Recorded data -
------------------------

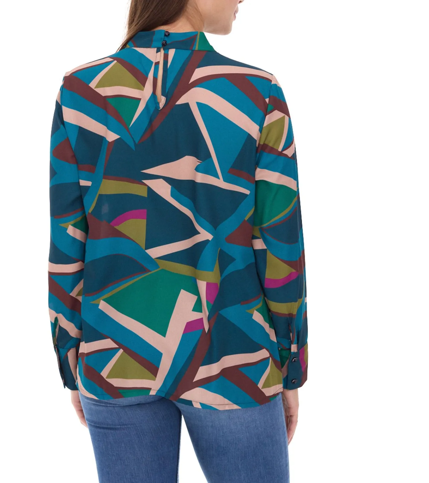Aniston SELECTED Damen Sommer-Bluse mit geometrischem Design Langarm-Shirt Frühlings-Bluse 78596706 Blau/Lila/Braun
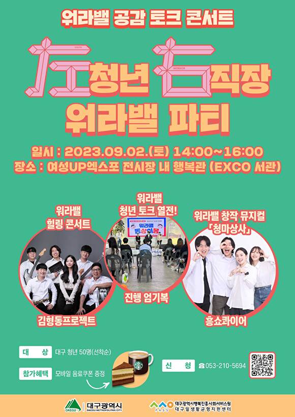 이번 토크콘서트는 지역 청년을 대상으로 청년 직장 성장기를 코믹하게 그린 '홍쇼콰이어'의 창작 뮤지컬과 청년 음악밴드 '김형동프로젝트'의 청년음악과 함께 청년이 생각하는 워라밸 문화와 워라밸 청년도시 대구를 만들기 위한 토론의 장이 펼쳐질 예정이다.
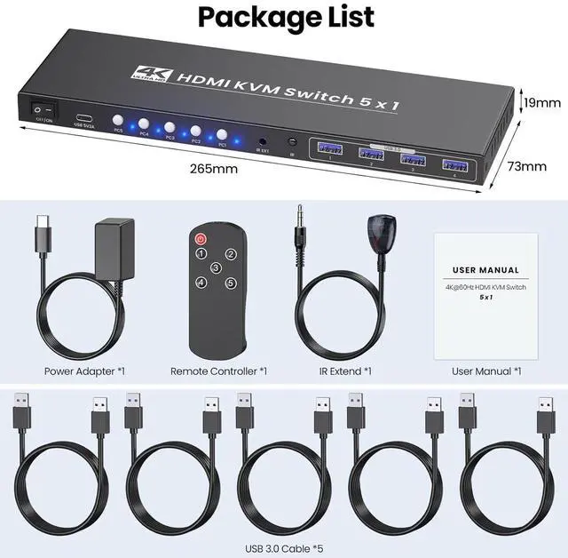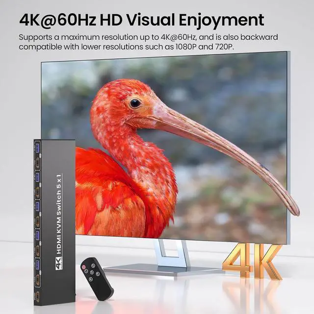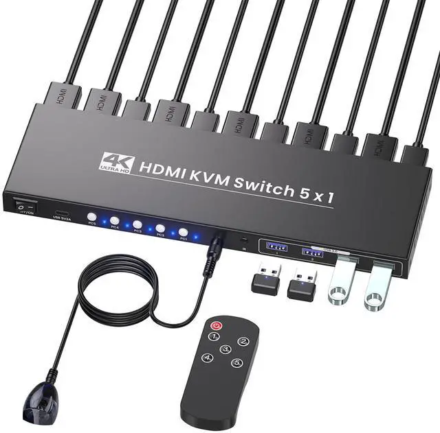 Lets face itmanaging 5 computers with separate monitors, keyboards, and mice is a nightmare of tangled cables, constant plugging/unplugging, and a cluttered desk that kills productivity. But this 5 Port HDMI KVM Switch is here to turn chaos into calm: it lets you control up to 5 computers with just one set of peripherals and a single monitor, all while serving up stunning 4K@60Hz visuals, blazingly fast USB 3.0 connectivity, and two hassle-free switching modes.

------------------------

Instructions to follow - Since the pictures are not wanted, write out the rest of the data exactly as it reads.

Solved problem -
Aniston SELECTED Damen Sommer-Bluse mit geometrischem Design Langarm-Shirt Frühlings-Bluse 78596706 Blau/Lila/Braun
 이번 토크콘서트는 지역 청년을 대상으로 청년 직장 성장기를 코믹하게 그린 '홍쇼콰이어'의 창작 뮤지컬과 청년 음악밴드 '김형동프로젝트'의 청년음악과 함께 청년이 생각하는 워라밸 문화와 워라밸 청년도시 대구를 만들기 위한 토론의 장이 펼쳐질 예정이다.
 Lets face itmanaging 5 computers with separate monitors, keyboards, and mice is a nightmare of tangled cables, constant plugging/unplugging, and a cluttered desk that kills productivity. But this 5 Port HDMI KVM Switch is here to turn chaos into calm: it lets you control up to 5 computers with just one set of peripherals and a single monitor, all while serving up stunning 4K@60Hz visuals, blazingly fast USB 3.0 connectivity, and two hassle-free switching modes.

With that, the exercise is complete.